Clements was a bluegrass pioneer, having played under Bill Monroe’s charge as early as 1949, but he was also a rare crossover fiddler. He was respected by country music fans, revered by jazz musicians and—after playing with Jerry Garcia in seminal newgrass outfit Old & In The Way—he was adored by Deadheads. Breaking out of the rigid mold of the traditional bluegrass he helped create, Clements blended a wide variety of influences into his singular style.
Born in South Carolina on April 25, 1928, Clements officially joined Bill Monroe’s Blue Grass Boys in 1949 at the age of 21. He remained with the group for seven years, then transferred to Jim & Jesse’s Virginia Boys, another important early bluegrass group. From 1962 until 1967, Clements took a leave of absence from music, in part to battle and recuperate from an alcohol problem.

Upon his return to the business, Clements marketed himself as a session musician and gained recognition as a solo artist, but first he pulled a year-long stint with yet another legend—five-string banjo king Earl Scruggs. But it was Clements’ contribution to the Nitty Gritty Dirt Band’s hit 1972 album, Will the Circle Be Unbroken, that really certified him as a marquee name. Within the next two years, Clements would cut his first solo album and play music with everyone from Paul McCartney to Jimmy Buffet.

The early ’70s were Clements’ most active years in music, and it was during this time that he first ventured into the world of the Grateful Dead. The band enlisted him for sessions on both Wake of the Flood (1973) and Grateful Dead From the Mars Hotel (1974). Clements became even more intimate with the Dead’s scene as a member of bluegrass supergroup, Old & In The Way, which also featured Jerry Garcia, David Grisman, Peter Rowan and John Kahn. Old & In The Way’s self-titled 1973 live album remains the best-selling bluegrass album of all time.

Clements would associate with members of the Grateful Dead throughout the rest of his career, and he continued doing session work for countless artists from many different genres. As a solo artist, he was also successful, cutting more than two-dozen solo albums, beginning with 1973’s Crossing the Catskills. Clements’ albums—frequently themed—followed his journey of musical self-discovery through jazz and bluegrass, the combination of which he referred to as “Hillbilly Jazz.”

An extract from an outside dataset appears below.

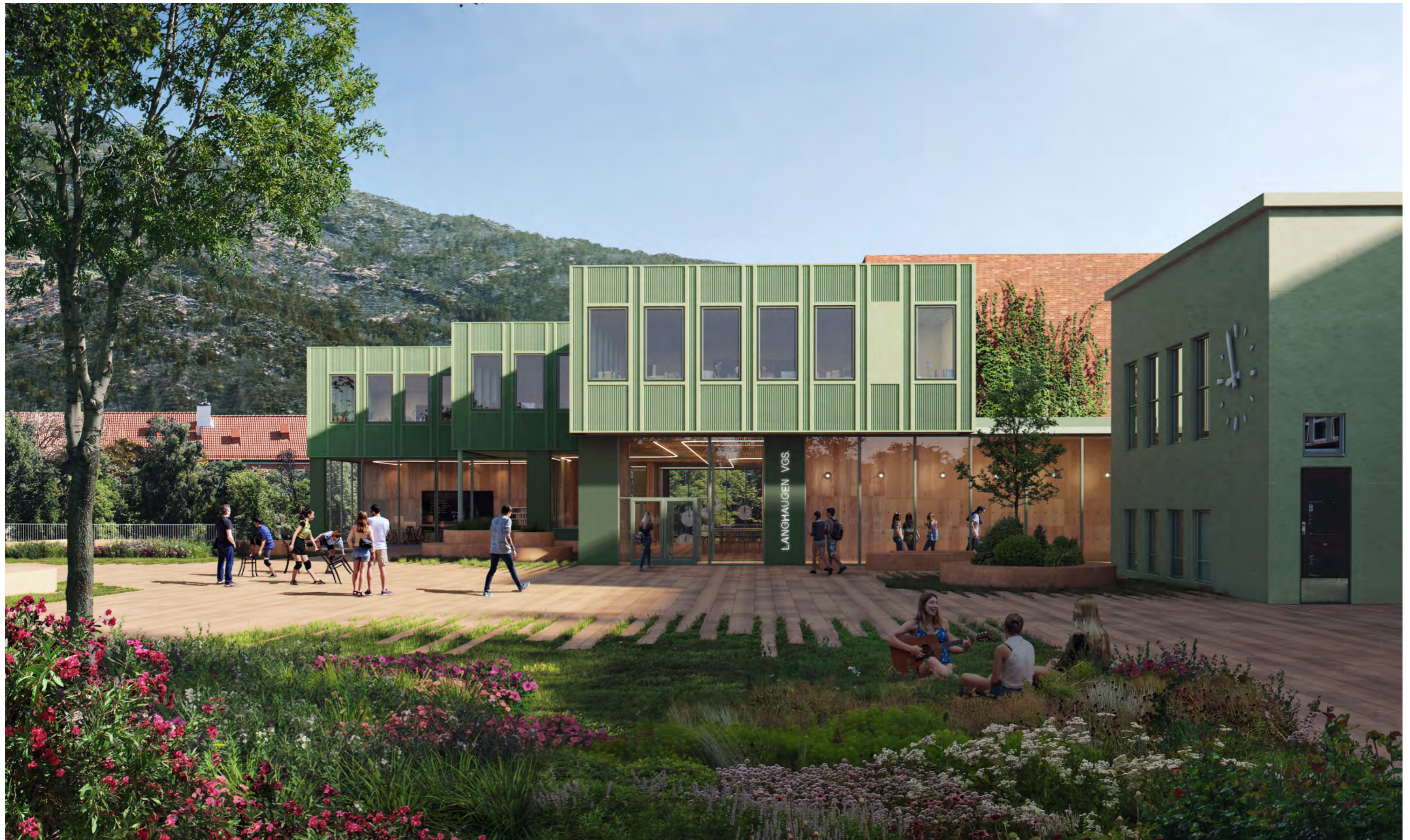
Sett fra øvre skoleplass, litt nærmere nybygget. Forbindelsen til utearealet mot Frilandsparken kan anes mellom gammelt og nytt skolebygg til høyre i illustrasjonen.

In 2004, Clements released his first and only blues album, Living With the Blues, on David Grisman’s Acoustic Disc label. His last known released recording is a contribution to the eponymous Shimmy Shack, an all-star collaboration project headed by Dark Star Orchestra’s Dino English, on which he performed with members of the Sam Bush Band and Dirty Dozen Brass Band. Right through to the end, Clements continued to branch out and break new ground as a musician. His music is timeless and will live on. But Vassar Clements, the man, will be missed.